Political prisoners in Turkey are fighting against the imposition of harsh F-type isolation cells that rob them of the right of association--the right to organise. The authorities are building 11 of these F-type prisons, three of which have already been completed and which hold between one and three people in a cell.
Until now political prisoners across the country had been kept in large communal areas largely under their own control. Then on 19 December 2000 the government sent in security forces armed with guns, incendiary bombs and nerve gas, to 'retake' 20 jails, killing 30 prisoners and severely injuring hundreds more. This massive assault, condemned by international human rights organisations and by the European Parliament, was aimed at smashing the hunger strike and political opposition in the jails for good. Firdes Kirblyik, a 30 year old leader of the health trade union who survived the raid on Gebze prison, told the delegation, 'The troops dragged us out of our cells at gunpoint, demanding to know which of us were on the death fast.
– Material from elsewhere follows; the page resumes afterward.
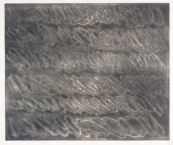 Editor: Here we have Cy Twombly's "Untitled II," from the Tate collection. It's a dark, almost somber work, filled with repetitive looping marks. What's your perspective on this piece? Curator: The key lies in examining Twombly's process. The repeated gestures, almost meditative, highlight the physical act of creation. What does this repetition suggest about labor and the artist’s engagement with materials? Editor: It's like he's blurring the line between high art and a more physical, repetitive task. Something almost anyone could do. Curator: Precisely. It challenges traditional notions of artistic skill, focusing instead on the materiality and performative aspect of mark-making. Editor: I hadn’t considered the labor aspect so directly. Curator: Considering the means of production opens new avenues of interpretation.

When we refused to answer the prison guards indicated the room where the hunger strikers were lying. The soldiers then threw in nerve gas and closed the door.'
The raid ended with a number of political prisoners suffering rape by truncheons and other forms of brutal treatment as 1,096 of them were moved to the new isolation prisons. 'They didn't take us there, they beat us there,' said Oursun Armutlu, recently released from prison and interviewed by the delegation in Istanbul's Okmeydaivi Hospital. He described how in their F-type cells, still on hunger strike, he and others were routinely tortured, kept in the cold and dark, wrapped only in blankets.
In 1996 a hunger strike by political prisoners against the threatened introduction of isolation cells forced the government to back off, but not before 12 prisoners had died. This time, in moves similar to the Thatcher government during the H-Block hunger strikes, the Turkish regime has staked its authority on completely destroying a whole layer of its political opponents.
However, the Turkish government is on the defensive since the country's trade unions showed their muscle in a general strike against austerity in November last year. The last thing Turkey needs, as a leading member of Nato and as a candidate member of the EU, is a human rights scandal of such proportions. But the regime is being forced to intensify and extend the repression in a bid to keep the lid on the prison turmoil.
The delegation met distraught relatives of hunger strikers who had been assaulted by guards when they tried to visit the prisons. It heard from lawyers who, on entering the jails, are being forced to strip to their underwear, surrender their papers and limit their time with their clients to just ten minutes. It interviewed trade unionists who had been arrested during protests, and prominent intellectuals threatened with arrest for founding the organisation Writers and Artists Against the F-types.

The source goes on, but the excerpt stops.